Now that the data is loaded, let’s test some queries. ClickHouse’s columnar storage and GPU acceleration shine with analytical queries:

1. First, install the ClickHouse client.

apt install clickhouse-client

2. Connect to the ClickHouse server.

clickhouse-client

Output.

ClickHouse client version 18.16.1.
Connecting to localhost:9000.
Connected to ClickHouse server version 25.3.2 revision 54476.

e7cf71653d41 :)

2. Run the below query for basic aggregation.

SELECT 
    avg(feature1) as avg_feature1,
    stddevPop(feature2) as std_feature2,
    quantile(0.99)(feature3) as p99_feature3
FROM large_dataset

Output:

SELECT 
    avg(feature1) AS avg_feature1, 
    stddevPop(feature2) AS std_feature2, 
    quantile(0.99)(feature3) AS p99_feature3
FROM large_dataset 

┌───────avg_feature1─┬────────std_feature2─┬───────p99_feature3─┐
│ 0.5002608413633995 │ 0.28872380769587086 │ 0.9908446093587597 │
└────────────────────┴─────────────────────┴────────────────────┘
↘ Progress: 1.00 million rows, 24.00 MB (108.22 million rows/s., 2.60 GB/s.)  99%
1 rows in set. Elapsed: 0.010 sec. Processed 1.00 million rows, 24.00 MB (103.62 million rows/s., 2.49 GB/s.) 

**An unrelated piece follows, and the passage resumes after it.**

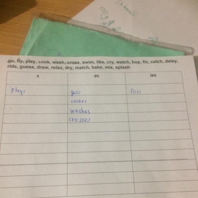 cooks, likes, rides, draws, bakes, swims, delays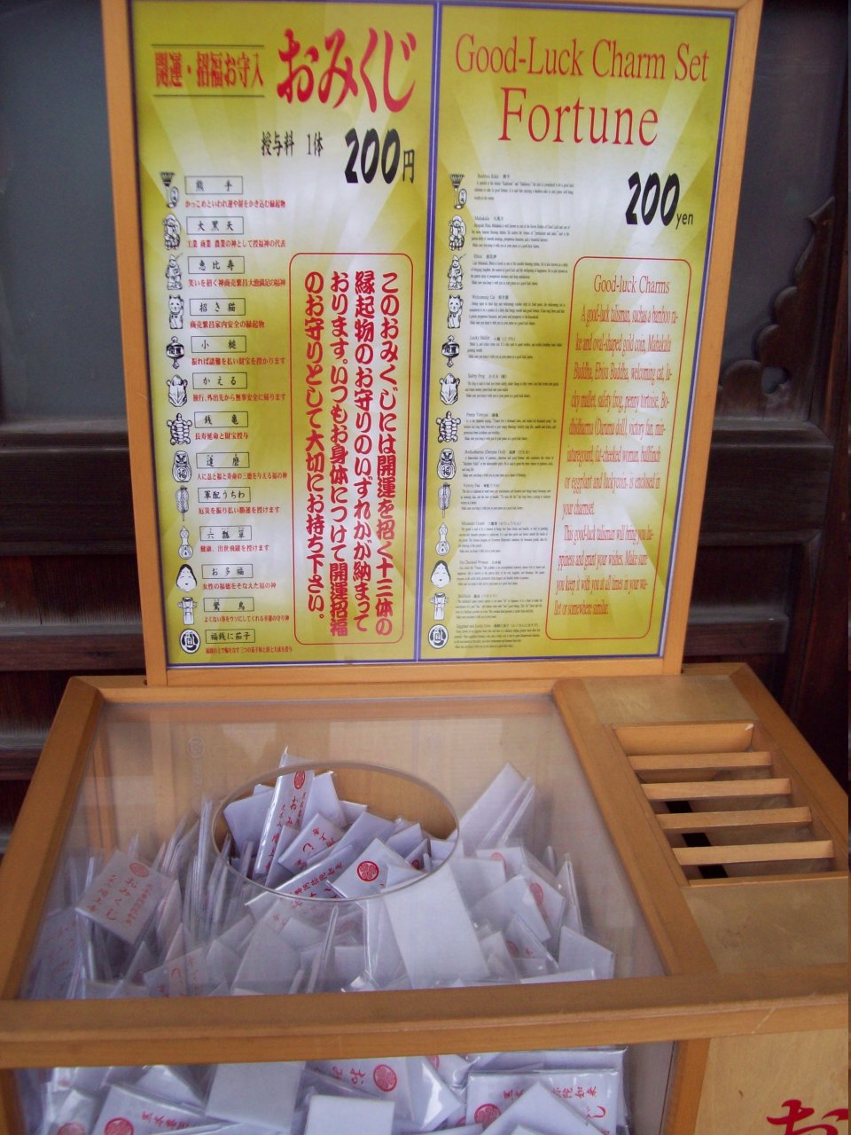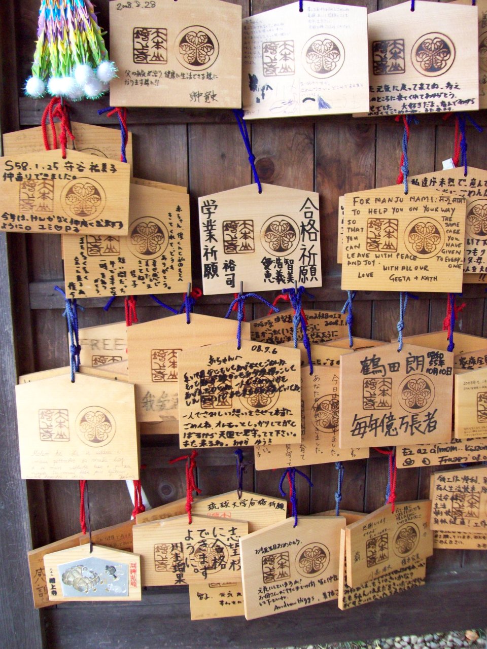 Alcuni messaggi sulle targhe di legno erano anche in inglese, ma la maggior parte, naturalmente, in giapponese.

3. Run the below query for filtering and grouping.

SELECT 
    intDiv(id, 100000) as bucket,
    count() as count,
    avg(feature1 + feature2) as avg_combined
FROM large_dataset
WHERE feature3 > 0.5
GROUP BY bucket
ORDER BY bucket

Output:

SELECT 
    intDiv(id, 100000) AS bucket, 
    count() AS count, 
    avg(feature1 + feature2) AS avg_combined
FROM large_dataset 
WHERE feature3 > 0.5
GROUP BY bucket
ORDER BY bucket ASC

┌─bucket─┬─count─┬───────avg_combined─┐
│      0 │ 49802 │ 1.0000974894524948 │
│      1 │ 50131 │ 1.0002304278511396 │
│      2 │ 49990 │ 1.0011286054623088 │
│      3 │ 50031 │ 0.9968373869613624 │
│      4 │ 50022 │ 1.0022925786397234 │
│      5 │ 50123 │ 0.9986748463314014 │
│      6 │ 50218 │ 1.0004042381656353 │
│      7 │ 50041 │ 0.9998849136710541 │
│      8 │ 50138 │  1.000476200468667 │
│      9 │ 49908 │ 1.0030392683409466 │
└────────┴───────┴────────────────────┘
↙ Progress: 1.00 million rows, 28.00 MB (87.21 million rows/s., 2.44 GB/s.)  99%
10 rows in set. Elapsed: 0.012 sec. Processed 1.00 million rows, 28.00 MB (83.71 million rows/s., 2.34 GB/s.) 

4. Exit from the ClickHouse shell.

exit

Conclusion

By combining ClickHouse’s columnar storage and vectorized query execution with GPU acceleration on an Ubuntu server, you can achieve exceptional performance when querying large datasets. The setup process is straightforward with Docker, and the performance benefits for analytical workloads are substantial.